First of all, thank you for asking a good question that succinctly explains the intent.

To set the context, previously Tomasz posted:

On page 16 that whitepaper clarifies:

the purpose of this paper is to overview the subject of high frequency data filtering
and briefly describe the methodologies employed by Tick Data, Inc. This paper is not intended
to fully disclose the filtering process, as full disclosure is not appropriate in a paper intended as an
overview on the subject.

Consider a scenario, wherein, by happenstance multiple bad ticks are received; would ATR still be potent for successive bad tick? ATR would get spoiled because of that unusual spread! To fix that you would need to iteratively reset ATR with newly transformed Highs or Lows.

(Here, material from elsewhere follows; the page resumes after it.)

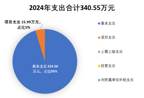 2024年度本年支出合计340.55万元,其中:基本支出324.56万元,占95.3%;项目支出15.99万元,占4.7%;上缴上级支出0万元,占0%;经营支出0万元,占0%;对附属单位补助支出0万元,占0%。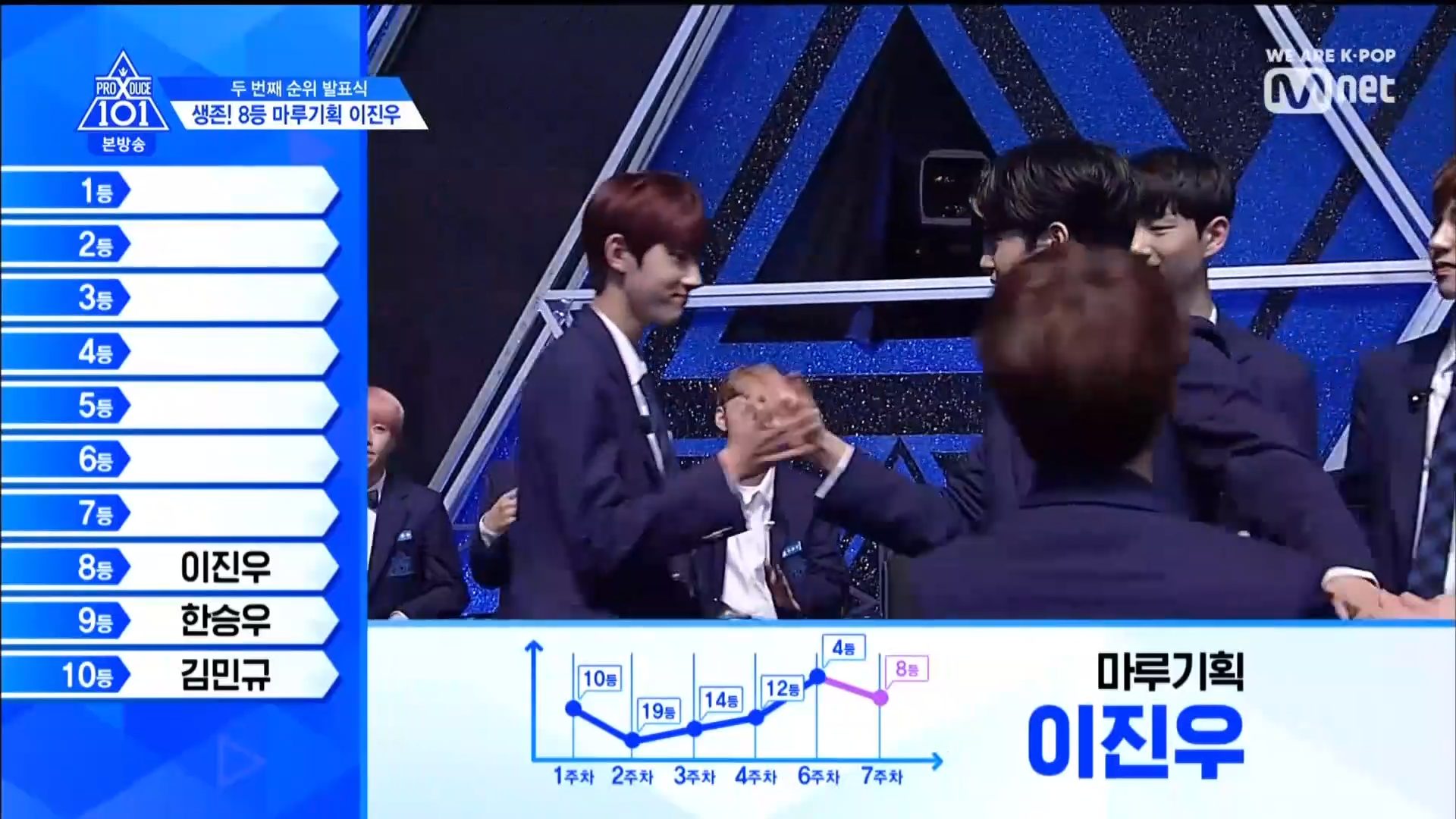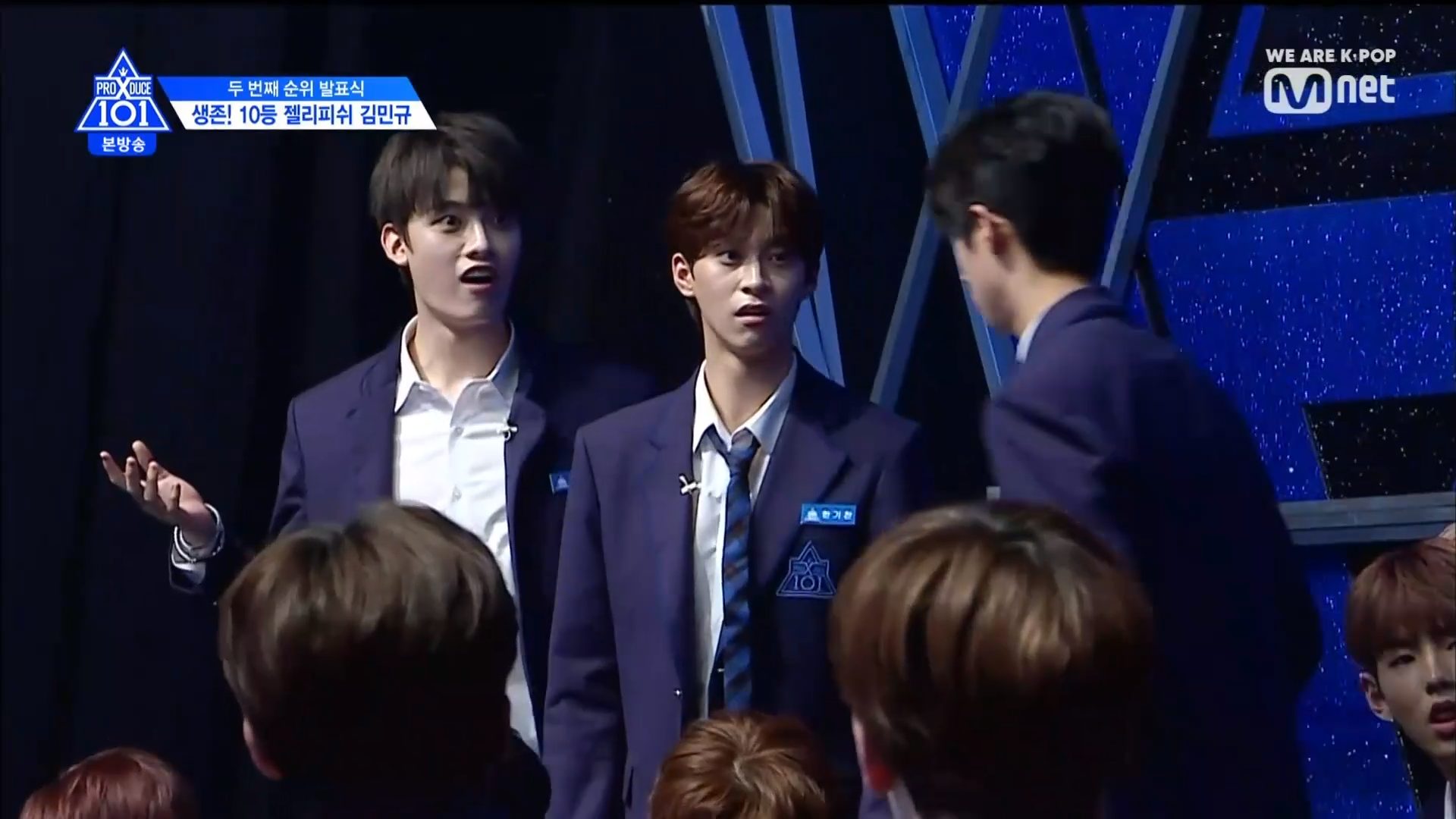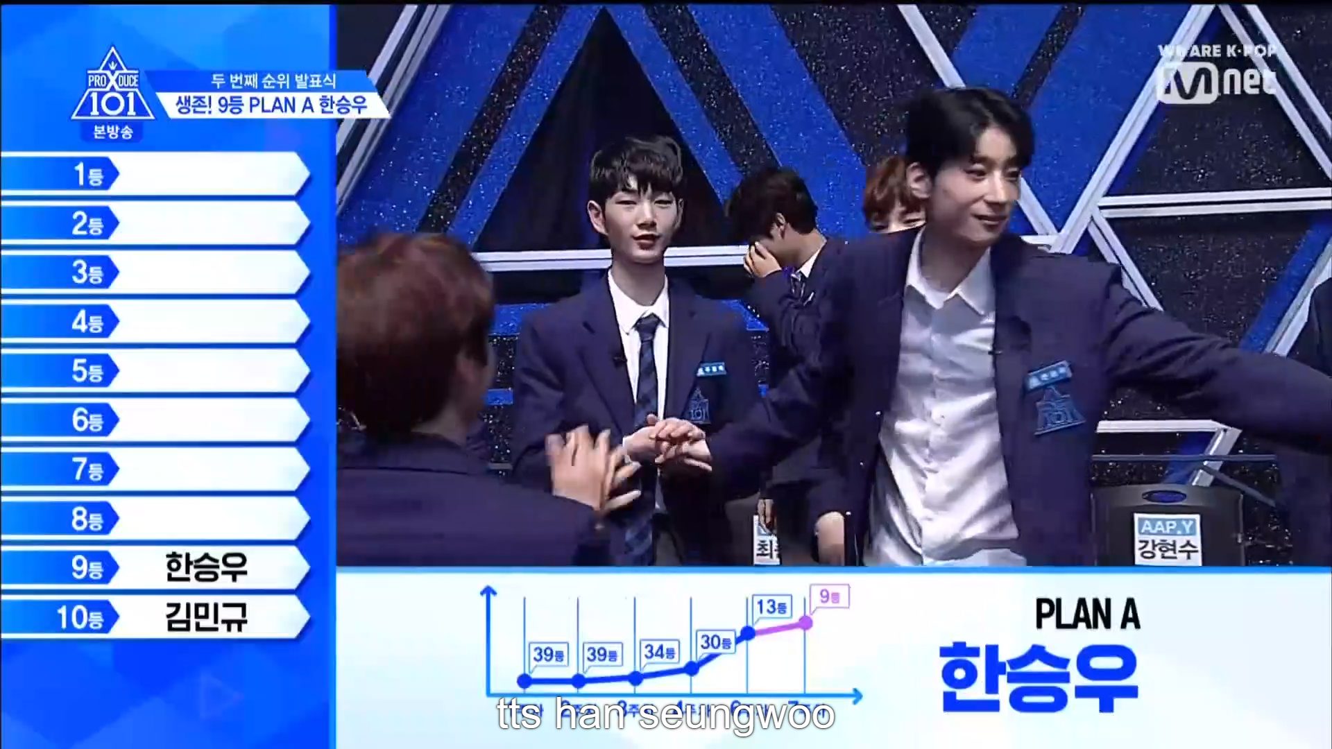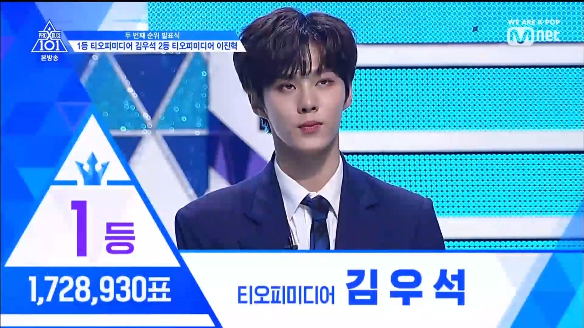 Điều đó đồng nghĩa 2 chàng trai Up10tion Lee JinHyuk và Kim WooSeok sẽ là 2 ông hoàng tranh vị trí No.1 Cả 2 cùng nắm tay nhau bước lên bục công bố. Cả 2 đều không tin được vào khoảnh khắc hiện tại.

Statistically speaking bad ticks are nothing but outliers. AFAIK using percentiles and z-scores, outliers of a dataset can be easily detected. Z-scores seems fit as it prioritizes spread-tendency of dataset (unlike Median depicting central-tendency).

Basically, Z-score tells us how many standard deviations the data point is away from the mean. A +ve Z-score indicates that the data point is above the mean, while a -ve Z-score indicates that the data point is below the mean. The magnitude of the z-score indicates the distance from the mean in terms of standard deviations.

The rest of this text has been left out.